[Data listing]

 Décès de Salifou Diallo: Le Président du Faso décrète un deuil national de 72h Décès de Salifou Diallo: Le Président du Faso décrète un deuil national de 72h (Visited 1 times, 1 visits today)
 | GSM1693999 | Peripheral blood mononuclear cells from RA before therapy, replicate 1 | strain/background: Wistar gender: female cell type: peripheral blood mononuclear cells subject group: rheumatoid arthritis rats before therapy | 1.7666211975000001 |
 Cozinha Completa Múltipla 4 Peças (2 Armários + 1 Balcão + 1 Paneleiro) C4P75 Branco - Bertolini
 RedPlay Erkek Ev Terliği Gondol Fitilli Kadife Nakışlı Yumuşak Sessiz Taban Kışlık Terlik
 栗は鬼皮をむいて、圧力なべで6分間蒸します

[/Data listing]
[Data listing]

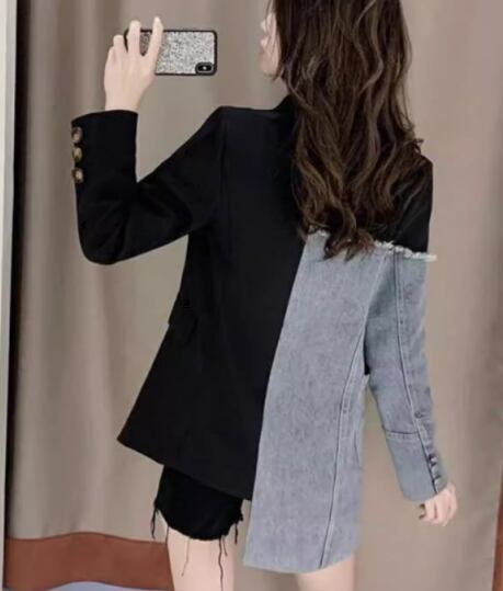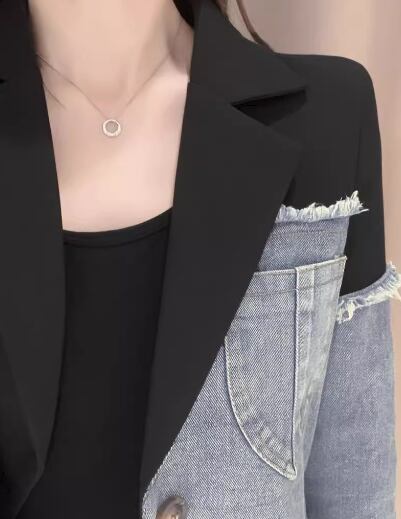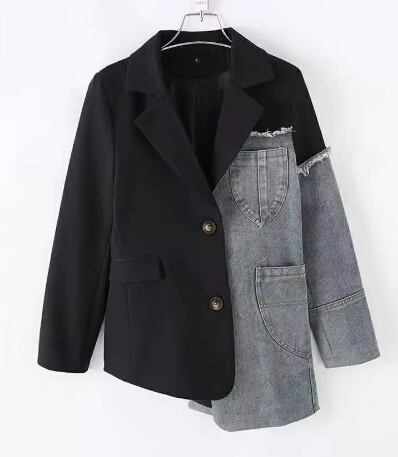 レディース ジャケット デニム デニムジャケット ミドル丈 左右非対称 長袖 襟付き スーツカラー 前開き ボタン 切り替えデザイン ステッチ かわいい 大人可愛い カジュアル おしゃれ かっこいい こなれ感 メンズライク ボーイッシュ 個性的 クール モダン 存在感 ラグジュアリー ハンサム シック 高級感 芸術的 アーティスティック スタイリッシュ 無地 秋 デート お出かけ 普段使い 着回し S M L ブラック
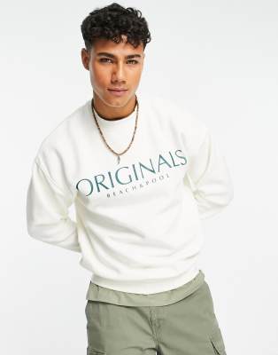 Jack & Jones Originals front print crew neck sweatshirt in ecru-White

[/Data listing]

In the entries above, find the line holding "1 visits today)" and the line holding "栗は鬼皮をむいて、圧力なべで6分間蒸します", then retype exactly those two lines and every line between them, and nothing else.

**Output for this task**
 Décès de Salifou Diallo: Le Président du Faso décrète un deuil national de 72h Décès de Salifou Diallo: Le Président du Faso décrète un deuil national de 72h (Visited 1 times, 1 visits today)
 | GSM1693999 | Peripheral blood mononuclear cells from RA before therapy, replicate 1 | strain/background: Wistar gender: female cell type: peripheral blood mononuclear cells subject group: rheumatoid arthritis rats before therapy | 1.7666211975000001 |
 Cozinha Completa Múltipla 4 Peças (2 Armários + 1 Balcão + 1 Paneleiro) C4P75 Branco - Bertolini
 RedPlay Erkek Ev Terliği Gondol Fitilli Kadife Nakışlı Yumuşak Sessiz Taban Kışlık Terlik
 栗は鬼皮をむいて、圧力なべで6分間蒸します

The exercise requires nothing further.